As a lifelong student of the Civil War, I have read countless books and articles about every aspect of the war—its complex causes, its campaigns and generals, its personalities, its dramatic conclusion, and the decades of slow recovery that followed. The recovery aspect alone is an astounding testimony to the American spirit. Despite the enormous devastation and the cruel illegalities of Reconstruction, the combatants never grew to hate one another. They knew that their divide was more political and philosophical than primal.

As the veterans aged, many realized that the war was the most significant event of their lives and perhaps of their nation's life. They strove to understand what they had participated in. They searched to the end of their days for closure to the horrors they experienced. As their lives wound down, they sought to make peace with one another and with themselves. They hoped to make the sacrifices they'd endured worthwhile.

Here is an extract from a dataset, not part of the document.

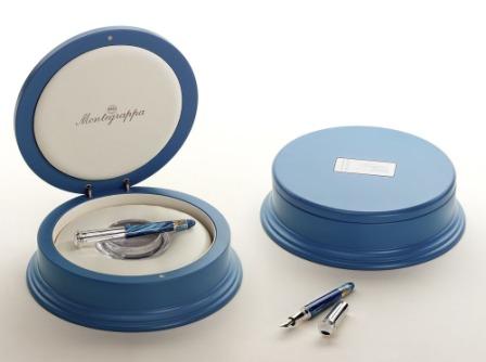 Упакована в элегантную, покрытую лаком деревянную шкатулку синего цвета и в комплекте подставка из Муранского стекла.
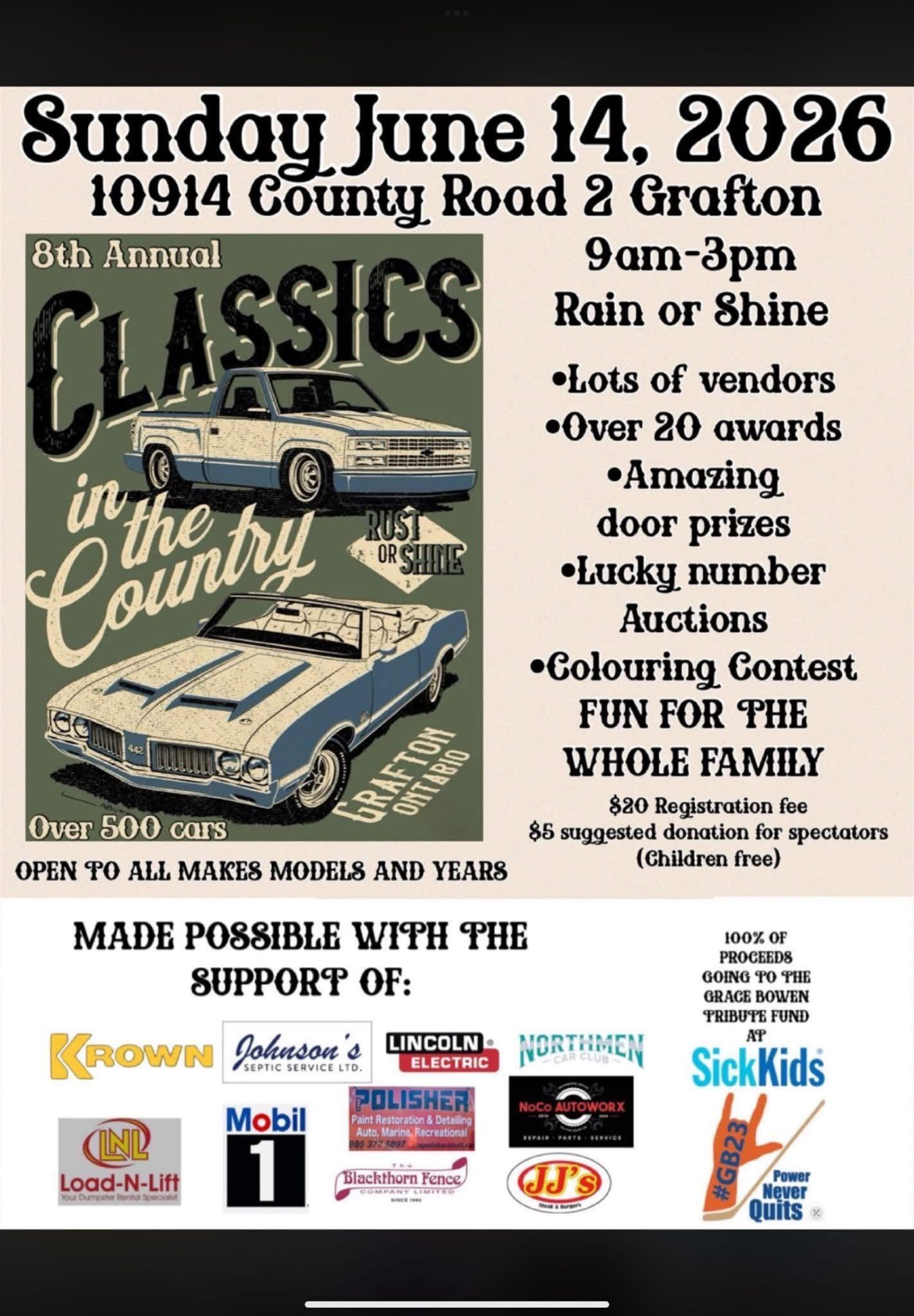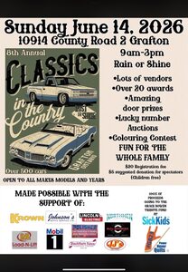 This is the 8th annual Classics in the Country event, taking place rain or shine. It features lots of vendors, over 20 awards, amazing door prizes, lucky number auctions, and a colouring contest, making it fun for the whole family. Over 500 cars are expected, open to all makes, models, and years.

They wrote of their experiences in thousands of biographies and memoirs. They published their diaries and collections of wartime letters. They went on speaking tours, donned their musty old uniforms and marched in countless parades, they raised and donated money for statues, monuments, and historical markers. They used any excuse to congregate, reminisce, and seek solace.

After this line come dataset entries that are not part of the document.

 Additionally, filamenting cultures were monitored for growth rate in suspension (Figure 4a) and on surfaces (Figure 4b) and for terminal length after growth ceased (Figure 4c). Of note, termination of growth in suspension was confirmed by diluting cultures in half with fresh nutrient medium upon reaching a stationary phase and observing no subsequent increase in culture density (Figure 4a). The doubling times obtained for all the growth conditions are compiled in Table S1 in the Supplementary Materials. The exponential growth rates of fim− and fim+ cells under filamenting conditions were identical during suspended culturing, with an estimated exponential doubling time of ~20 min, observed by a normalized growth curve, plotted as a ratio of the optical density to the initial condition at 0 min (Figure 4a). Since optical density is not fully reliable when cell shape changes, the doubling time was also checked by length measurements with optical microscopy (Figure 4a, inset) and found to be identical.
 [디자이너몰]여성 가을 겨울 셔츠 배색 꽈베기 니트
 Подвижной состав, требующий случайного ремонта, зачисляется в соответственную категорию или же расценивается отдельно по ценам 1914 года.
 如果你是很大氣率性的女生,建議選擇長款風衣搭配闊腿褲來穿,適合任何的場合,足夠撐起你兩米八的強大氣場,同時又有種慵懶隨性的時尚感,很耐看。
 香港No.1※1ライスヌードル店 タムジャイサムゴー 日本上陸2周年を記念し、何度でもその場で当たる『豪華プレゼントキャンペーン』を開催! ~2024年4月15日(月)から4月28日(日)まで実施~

The nation watched as those aging vets continued their journey toward peace and understanding and forgiveness. The formation of the Federal army veterans' organization, the Grand Army of the Republic (GAR), and its Southern counterpart, the United Confederate Veterans (UCV), surprised the world with their popularity and influence. The annual reunions drew thousands of spectators from across the nation for decades. The success of those pioneer veterans organizations led to the creation of the Veterans of Foreign Wars that proved so vital to vets of World Wars I and II, Korea, Vietnam, and today's Iraq and Afghanistan.

There is no way to gauge how many confused and damaged Civil War combatants were saved by the existence of veterans' posts scattered across the land in every city and every state in the union. Those posts provided a haven where vets could share their experiences with the only people who could truly understand and console them: their fellow comrades in arms. Through their shared experiences, onetime enemy combantant began to view one another as brothers.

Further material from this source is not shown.